● WHAT TO PRODUCE:
All pictures must be dropped, while the entries are given again word for word.

☆ ☆ ☆ ☆ ☆

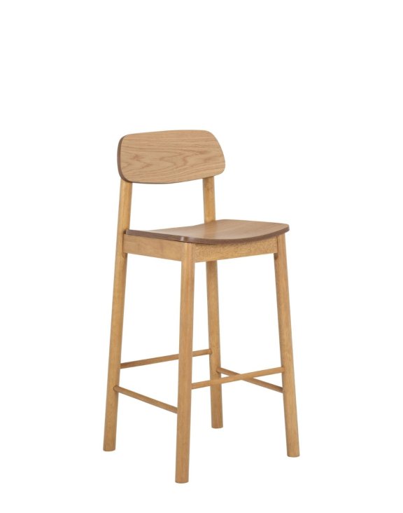 Scaunul de bar Barlow în culoarea stejar natural de la Actona este o piesă de mobilier scandinavă care îmbină minimalismul și funcționalitatea.
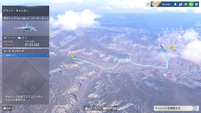 これは18個のゲートを戦闘機で通過していき、そのタイムを競うというものになっています。世界中のユーザーさんでタイムを競い合うことを行います。
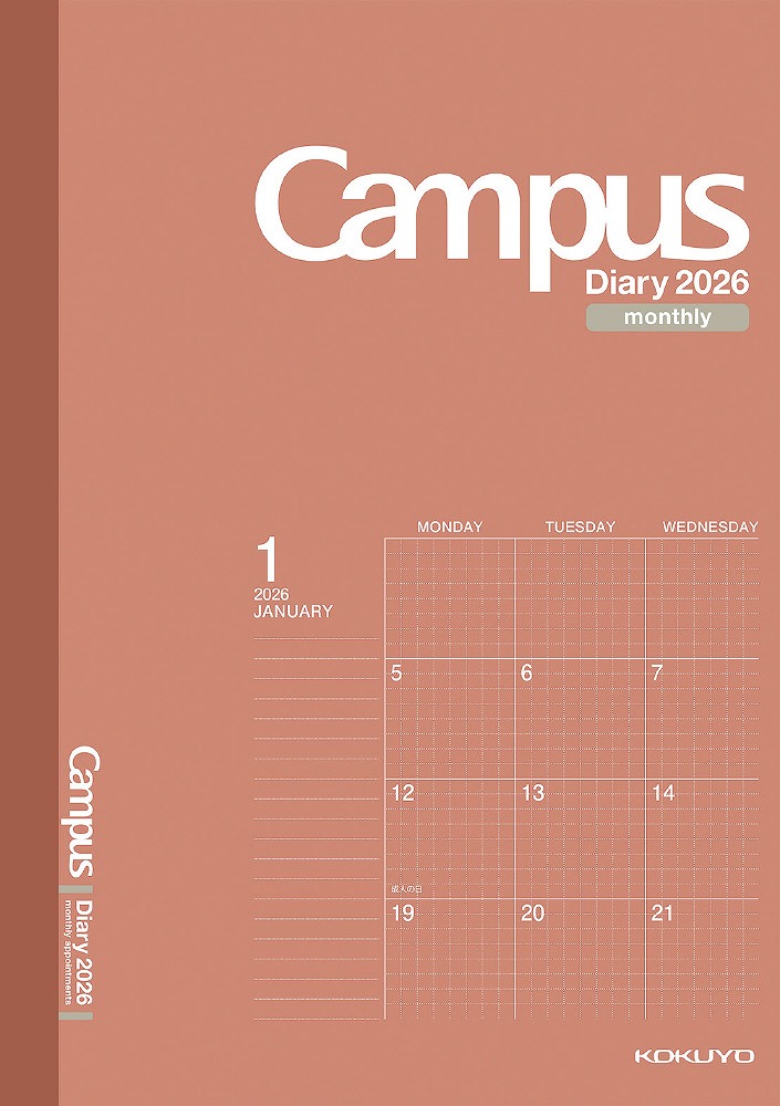 コクヨ 2026年 キャンパスダイアリー 手帳 A5 [マンスリー] 12月始まり 方眼罫 レッド ニ-CMSR-A5-26
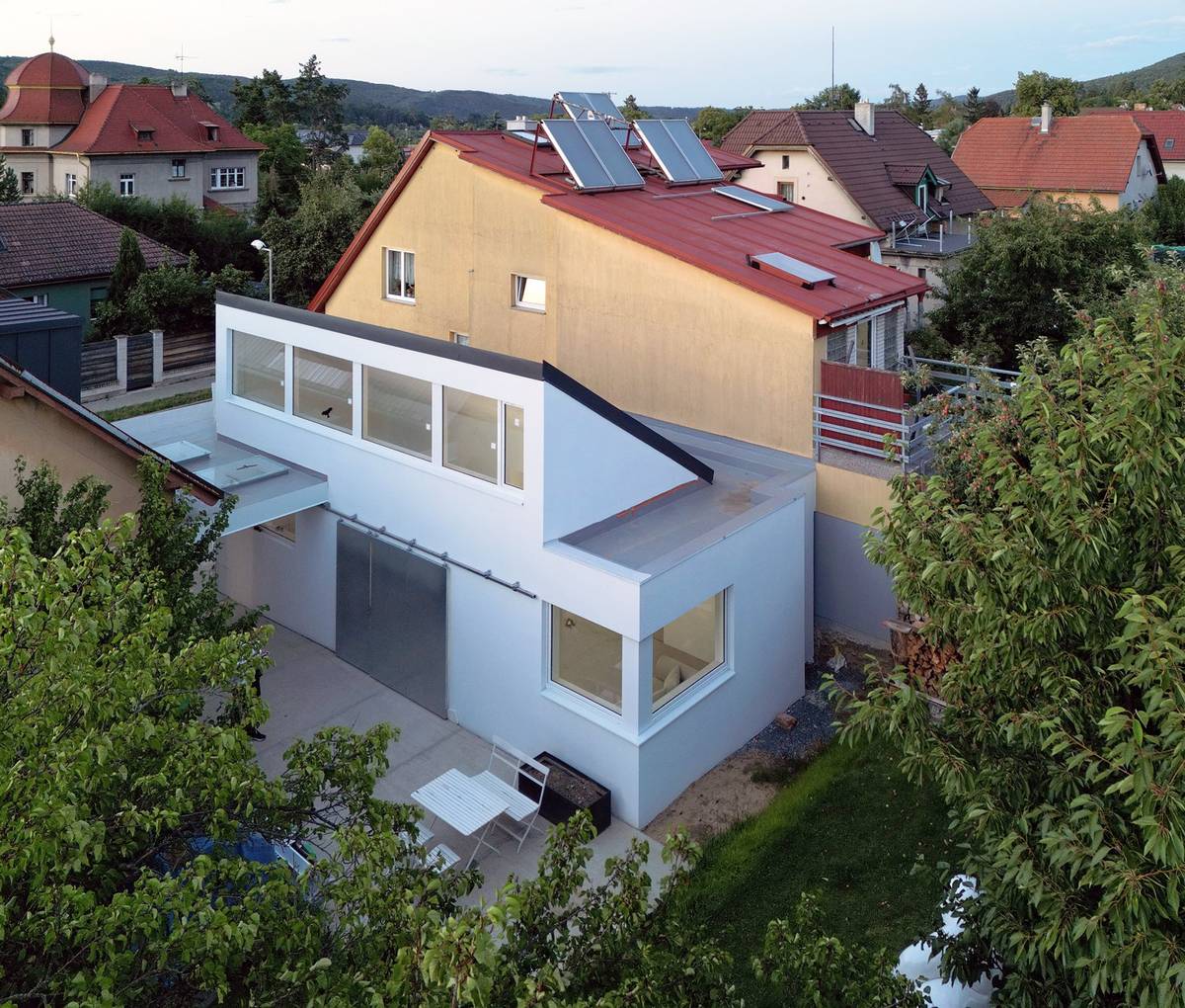 Při pohledu na ateliér z výšky je dobře vidět jeho celkové propojení s domem.
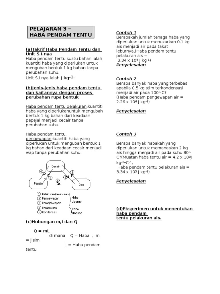 4 i Muatan haba tentu air ii Muatan haba tentu aluminium 433 Mengeksperimen untuk menentukan 5 i haba pendam tentu pelakuran ais ii haba pendam tentu pengewapan air. Haba pendam tentu l suatu bahan ialah tenaga haba yang diperlukan untuk menukarkan 1kg bahan itu daripada satu keadaan fizik ke satu keadaan fizik yang lain tanpa perubahan suhu.
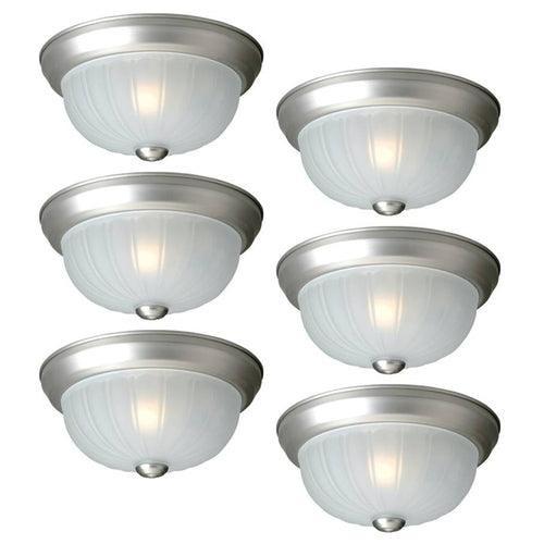 A budget-friendly 6-pack of traditional flush mount ceiling lights in painted brushed nickel with frosted glass shades. Each 10-inch fixture is hardwired and compatible with one 60W A19 bulb (LED or incandescent), ideal for bedrooms, kitchens, foyers, and hallways.

☆ ☆ ☆ ☆ ☆

● TASK SOLUTION:
 Scaunul de bar Barlow în culoarea stejar natural de la Actona este o piesă de mobilier scandinavă care îmbină minimalismul și funcționalitatea.
 これは18個のゲートを戦闘機で通過していき、そのタイムを競うというものになっています。世界中のユーザーさんでタイムを競い合うことを行います。
 コクヨ 2026年 キャンパスダイアリー 手帳 A5 [マンスリー] 12月始まり 方眼罫 レッド ニ-CMSR-A5-26
 Při pohledu na ateliér z výšky je dobře vidět jeho celkové propojení s domem.
 4 i Muatan haba tentu air ii Muatan haba tentu aluminium 433 Mengeksperimen untuk menentukan 5 i haba pendam tentu pelakuran ais ii haba pendam tentu pengewapan air. Haba pendam tentu l suatu bahan ialah tenaga haba yang diperlukan untuk menukarkan 1kg bahan itu daripada satu keadaan fizik ke satu keadaan fizik yang lain tanpa perubahan suhu.
 A budget-friendly 6-pack of traditional flush mount ceiling lights in painted brushed nickel with frosted glass shades. Each 10-inch fixture is hardwired and compatible with one 60W A19 bulb (LED or incandescent), ideal for bedrooms, kitchens, foyers, and hallways.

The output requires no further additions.